# Magia por categorías > Magia de Salon y escenario >  quick change

## mago_kaito

alguien sabe donde puedo encontrar informacion o referencias acerca de el quick change (cambio de ropa en un segundo)
thanks! 8-)

----------


## DaniOrama

Si quieres lo mejor busca lo mejor: Monique.

Un consejo, no te molestes en conseguir el libro si no piensas comprarte el video, no te servirá de nada.

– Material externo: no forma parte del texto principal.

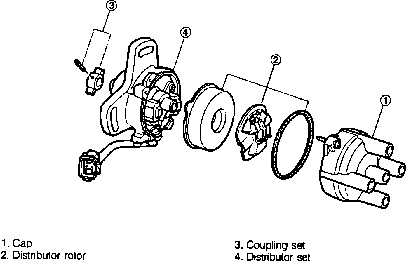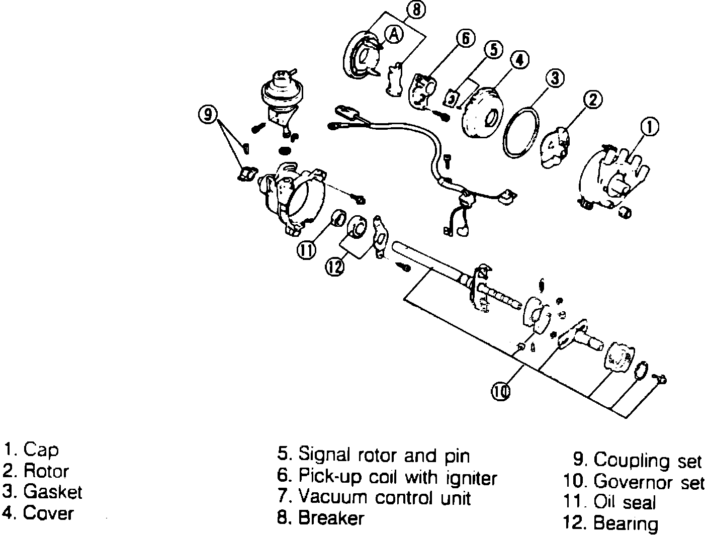 Fig. 7 Disassembled view of breakerless type distributor. Non-turbocharged:

También tengo que aclararte que aunque la de las ideas se basan en vestidos o en ropa que ningún hombre salvo Rappel o Jeff McBride osarían usar, aunque muchas de las técnicas que indican se pueden utilizar para otro tipo de vestuario.

----------


## ne0_

Bueno, no sabia si abrir un nuevo post ya que, los que encontre son antiguos y se habla poco del tema, pero ya que estan... retomo este mismo.
La tal Monique se llama Monique Monros pero no encuentro nada en castellano, y en internet no encuentro nada que hablen de este tipo de magia.
Alguien conoce algo, alguna sugerencia, libro en el que se hable del tema, etc?
Dejo un enlace al video de un numero de este tipo (es el mismo que han hecho en el hocus pocus de granada este año estos artistas y el mismo numero o casi igual...).
http://www.youtube.com/watch?v=3EpF4fRoT4U
saludos

----------


## josecrestini

a mi este efecto me sigue dejando a cuadros...

----------


## Eloi

Uno de los mejores en este campo es Arturo Brachetti

http://www.youtube.com/watch?v=hl8YZy_KH38

Saludos!

----------


## JaumeBF

Es qu es impresionante... En serio. Hay algunos cambios de ropa que son un poco obvios, en los que se nota donde está el truco (al menos me lo supongo xD), pero es que hay otros, que te dejan sin palabras...  :shock: 


Saludos.

----------


## frank

Hola ne0_ yo encontré:

Un DVD explicativo llamado "  Art Of Costume Change DVD".

Un libro llamado 
"QUICK CHANGE" (rapid costume changes for men) de los autores 
Sven Schoppenhauer, Christian Thurnes, Lee Alex.

Espero haberte sido útil.

Un Saludo

----------


## ne0_

:shock:  Muchas gracias te mando mp
saludos

----------


## winehouse

que tan dificl es :Confused:  :Confused: ??

----------


## pachorra

muchachos no encuentro nada de material y me fasinaria hacer un show esta barbaro esto del trasformismo.
ayuda!!!

----------


## Juandi

Este es un tema “tabú” dentro de la magia. Hasta hace bien poco era prácticamente imposible encontrar bibliografía o vídeos. Los artistas que realizaban cambios de vestuario eran habitualmente autodidactas y guardaban celosamente sus hallazgos.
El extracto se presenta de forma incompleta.